A real leadership presence is something that people don’t even know you’re trying to have.  You just embody generosity of self and people feel uplifted without even necessarily knowing how to define why.  You just behave with integrity without needing to compel others to do the same. Most of the time, you’re just being a silent example.

This is something you can do anywhere.  With family and friends. It doesn’t require that you are technically in charge of anything (that role simply means that now these leadership qualities are essential rather than optional).  And doesn’t require some authoritative alpha presence (something I am not naturally endowed with anyway).  

It just requires that you’re conscious.  Being conscious means your paying attention and having intention.  Maintaining a leadership presence involves paying attention to how much energy you demand of others.  And it means always having the intention to provide a lift to the energy of others rather than require an investment of theirs into you.  Think about the presence of a king. A strong doesn’t need you to reassure him of his value.

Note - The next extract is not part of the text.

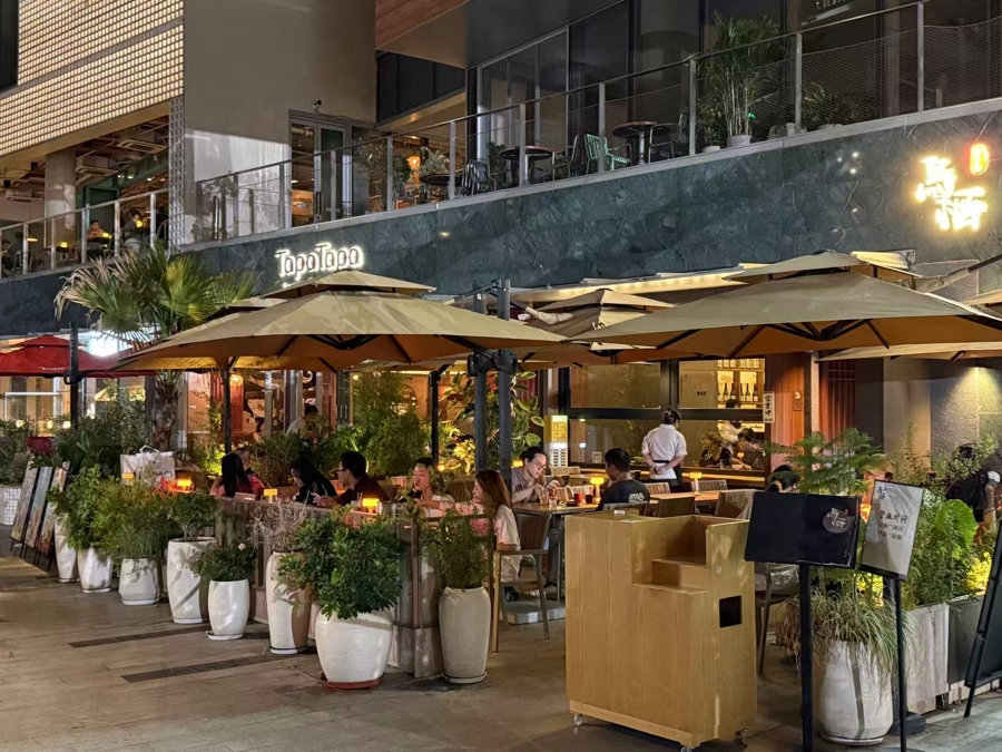 10月2日晚上10点半,西岸梦中心的餐厅外摆位仍有许多客人在用餐。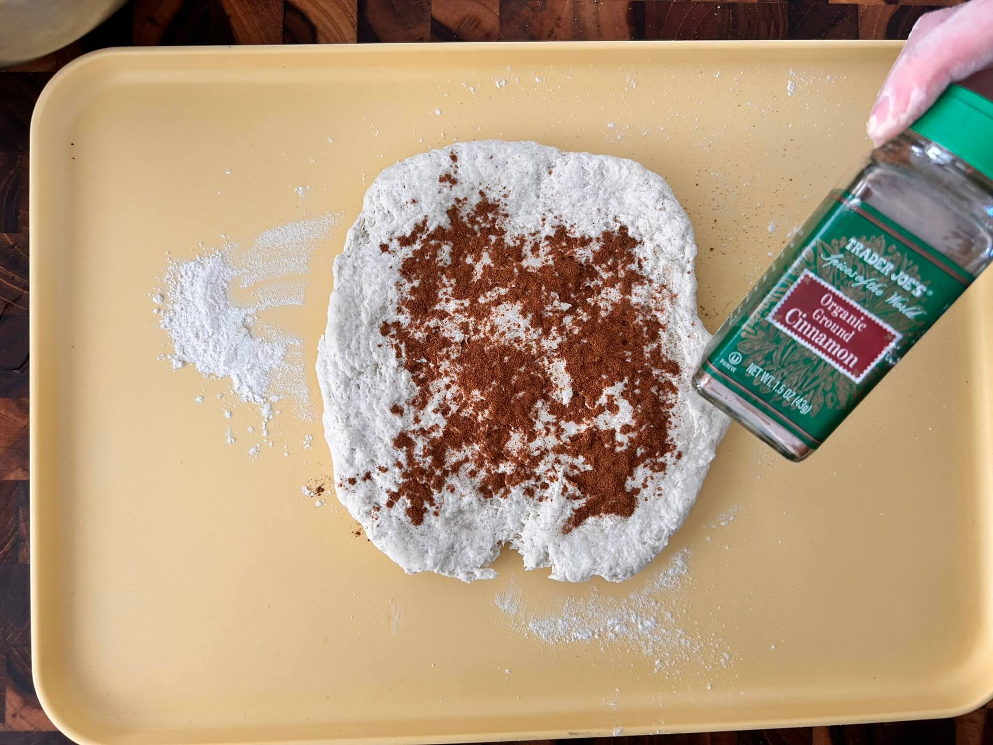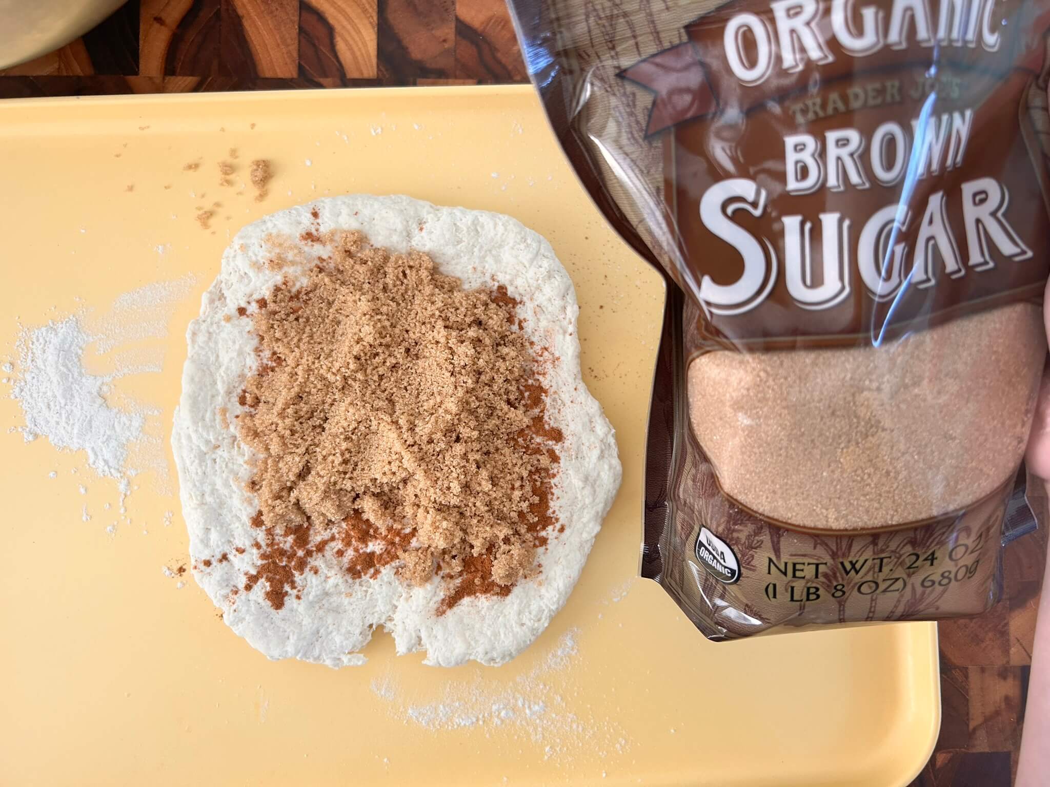 4. 반죽을 좀 밀어준 뒤에 시나몬가루와 황설탕을 넣어줍니다.

When I arrive to work, I’m not always in the mood to have that presence.  Perhaps the demands of the day have depleted me a bit. Perhaps I’m frustrated or unsure about something.  Perhaps I have too much to do and when 4pm starts to creep up on me, I resent having to pull myself away from my projects.  So I have to come back to the intention to be an example and give. And when I do, I can feel the strain of my inner struggles give way.

Besides that active embodiment of leadership, having practices that strengthen you internally, like meditation, build up these required energy reserves.  The stronger this foundation gets, the more you have to give and the less you depend on others for anything.  This sense of empowered independence doesn’t mean that you become indifferent to others – in fact your sense of interconnectedness with everyone amplifies rather than diminishes.  It means that you don’t require that they invest their energy into making you feel better. You already feel sure about who you are and where you’re going.

This changes your entire presence, making it lighter and less demanding.  Again, without even being sure why, people will like being around you more.  You will then find that your behavior changes around this as well. Before I meditated, I depended more on the tolerance and good will of others.  Tolerance of my shifting moods, my neurotic uncertainty about things, my overcooked reactions to challenges.

It’s self-imprisonment to depend on the good will of others.  Because if they don’t have the energy to adapt to your difficult behavior, you get conflict and resentment.  And even if they do, you are unnecessarily depleting them. You are an energy liability rather than an energy asset, and this ultimately strains group dynamics.  And those that strain group dynamics do not get the same opportunities as those that contribute to them.

Dependence is what defines the life of a child.  Their demanding, unreasonable behavior requires the patience and care of the parent.  Maturing beyond childhood means developing greater and greater levels of self-sufficiency.  First you become more able to provide yourself with the basic necessities of life (i.e. feeding yourself) and then you develop a subtler, more emotional independence as you emerge from adolescence.  Here, you no longer need the constant coddling and reassurance that you are not deficient in some way. I’ve said before that maturity means you don’t waste your energy on things that don’t serve you.  This also means that you don’t need others to replenish your depleted energy levels (“energy” being a generic way of looking at your inner fortitude, not just raw physical energy).

When you are serving, people are dependent on you.  You need to tolerate their unreasonable behavior and invest your energy into giving them a lift.  This means that you are in control of the situation. Although one may think of service as something “subservient”, it is in fact a place of power, demanding a tremendous sense of responsibility on your part.  You need to have a good bank balance of energy to invest. Because if you go requiring the tolerance and good will of the people you are serving, then it not only results in them being poorly served, but it puts them in control of you.

As I shed my hang-ups, and the subtler and subtler layers of paranoia around them, I transitioned into becoming supplier of tolerance and good will, rather than the customer.  If you want to look at the world as one giant economy of energy, isn’t it more empowered to be on the “supply” end of the chain rather than the “demand”?  This is what gives you power and opportunity in life.